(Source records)
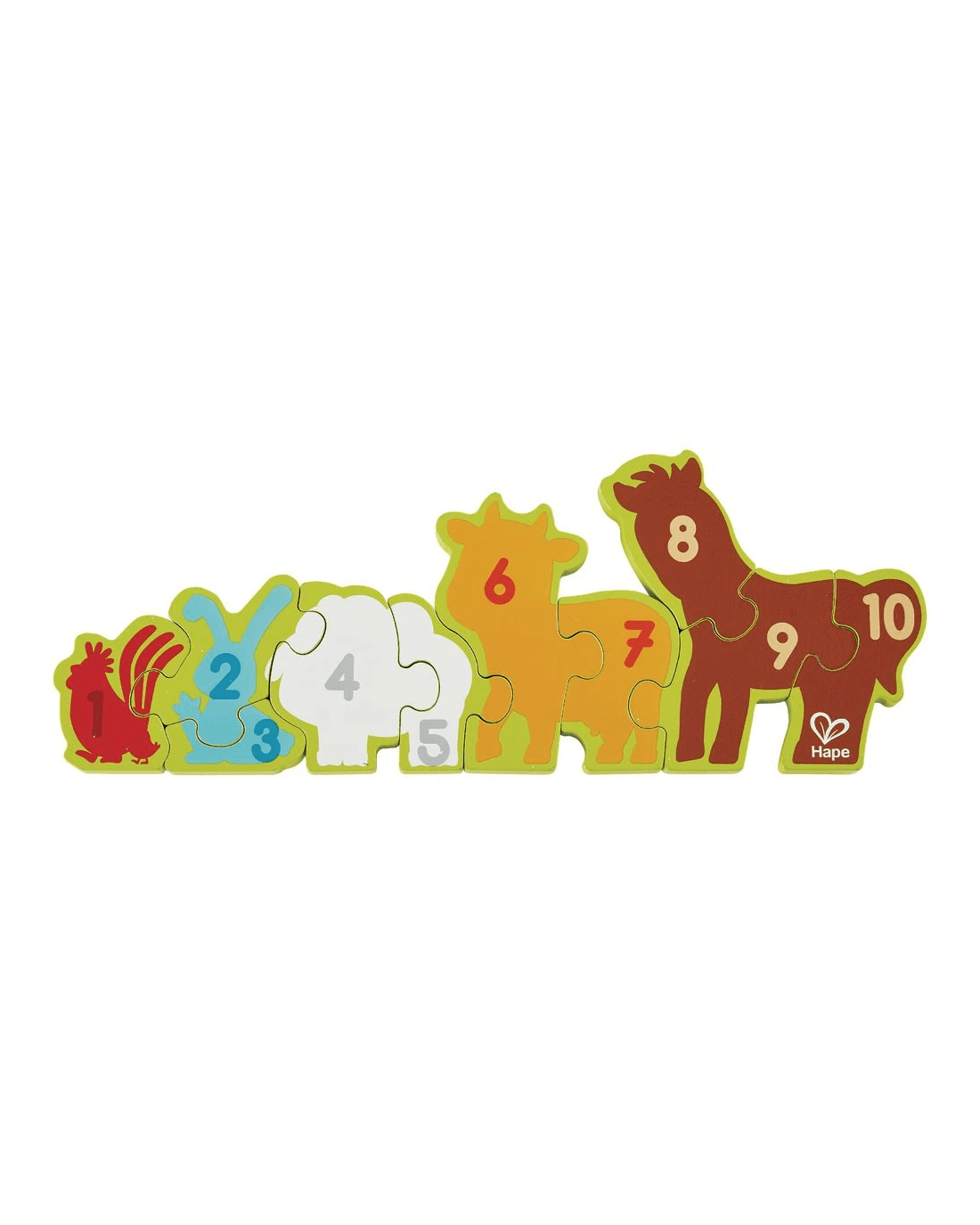 This Numbers and Farm Animals Puzzle is a great way to start learning about both animals and numeracy. It is a beautifully crafted 10-piece, wooden puzzle with farm animals on one side and the numbers 1 to 10 on the other. The wide base lets you stand the puzzle upright on the table or windowsill.
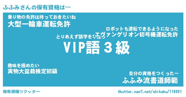 ふふみさんの保有資格は… とりあえず語学を学ぼう『 VIP語3級』乗り物の免許は持っておきたいね『大型一輪車運転免許』自分の資格をつくったー『ふふみ流書道師範』 ツクッター #保有資格ツクッター http://tkutter.nan7.net/shikaku/118081/
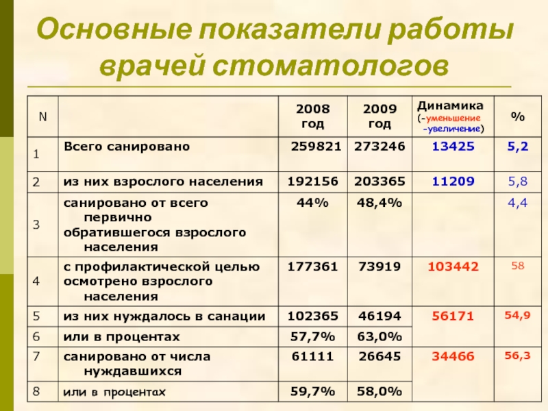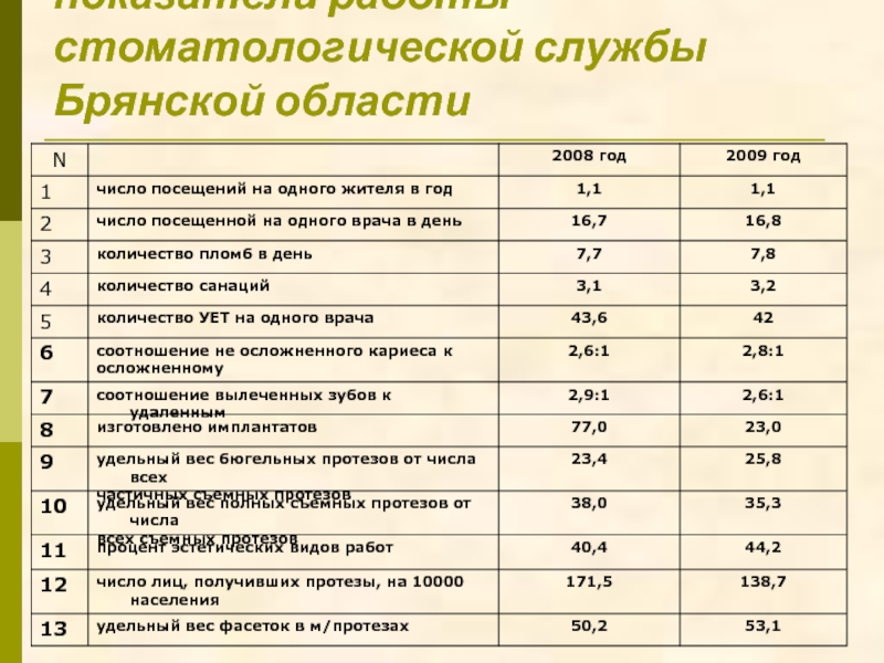 Слайд 34Основные качественные показатели работы стоматологической службы Брянской области
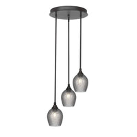 Q: What design styles does the Empire 3 Light Cluster Pendant complement?A: With its dark granite finish and smoked textured glass, the Empire 3 Light Cluster Pendant complements industrial, modern, and contemporary design styles, adding a touch of elegance to any space.
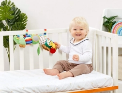 Dankzij de praktische textiele lusjes bevestig je het speeltje eenvoudig aan de kinderwagen, het ledikant of de verzorgingstas. Ideaal voor thuis en onderweg – vermaakt, stelt gerust en stimuleert de zintuigen. Een geweldig idee als cadeau voor een pasgeboren baby of bij het welkom heten van een nieuw kindje.
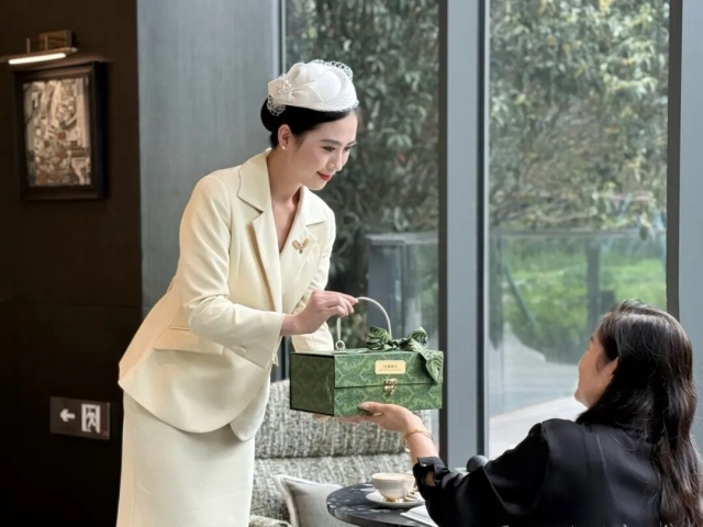 地產集團高速·壹品金鑰匙服務團隊客服人員為到訪客戶送上中秋禮物
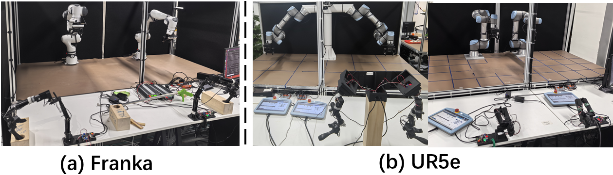 Collection platform of Franka and UR5e. Collect a robotic manipulation dataset by controlling the dual-arm system (Franka and UR5e) via HACTS.
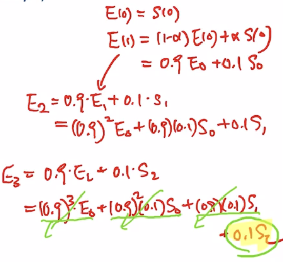 참고로 EWMA의 장점은 Ek를 도출하기 위해 필요한 정보가 Ek-1, Sk 밖에 없다는 것이다.

* [WHAT THE EXERCISE ASKS]: Could the entries above be returned verbatim, with no pictures included?

* [COMPLETED EXERCISE]:
 This Numbers and Farm Animals Puzzle is a great way to start learning about both animals and numeracy. It is a beautifully crafted 10-piece, wooden puzzle with farm animals on one side and the numbers 1 to 10 on the other. The wide base lets you stand the puzzle upright on the table or windowsill.
 ふふみさんの保有資格は… とりあえず語学を学ぼう『 VIP語3級』乗り物の免許は持っておきたいね『大型一輪車運転免許』自分の資格をつくったー『ふふみ流書道師範』 ツクッター #保有資格ツクッター http://tkutter.nan7.net/shikaku/118081/
 Слайд 34Основные качественные показатели работы стоматологической службы Брянской области
 Q: What design styles does the Empire 3 Light Cluster Pendant complement?A: With its dark granite finish and smoked textured glass, the Empire 3 Light Cluster Pendant complements industrial, modern, and contemporary design styles, adding a touch of elegance to any space.
 Dankzij de praktische textiele lusjes bevestig je het speeltje eenvoudig aan de kinderwagen, het ledikant of de verzorgingstas. Ideaal voor thuis en onderweg – vermaakt, stelt gerust en stimuleert de zintuigen. Een geweldig idee als cadeau voor een pasgeboren baby of bij het welkom heten van een nieuw kindje.
 地產集團高速·壹品金鑰匙服務團隊客服人員為到訪客戶送上中秋禮物
 Collection platform of Franka and UR5e. Collect a robotic manipulation dataset by controlling the dual-arm system (Franka and UR5e) via HACTS.
 참고로 EWMA의 장점은 Ek를 도출하기 위해 필요한 정보가 Ek-1, Sk 밖에 없다는 것이다.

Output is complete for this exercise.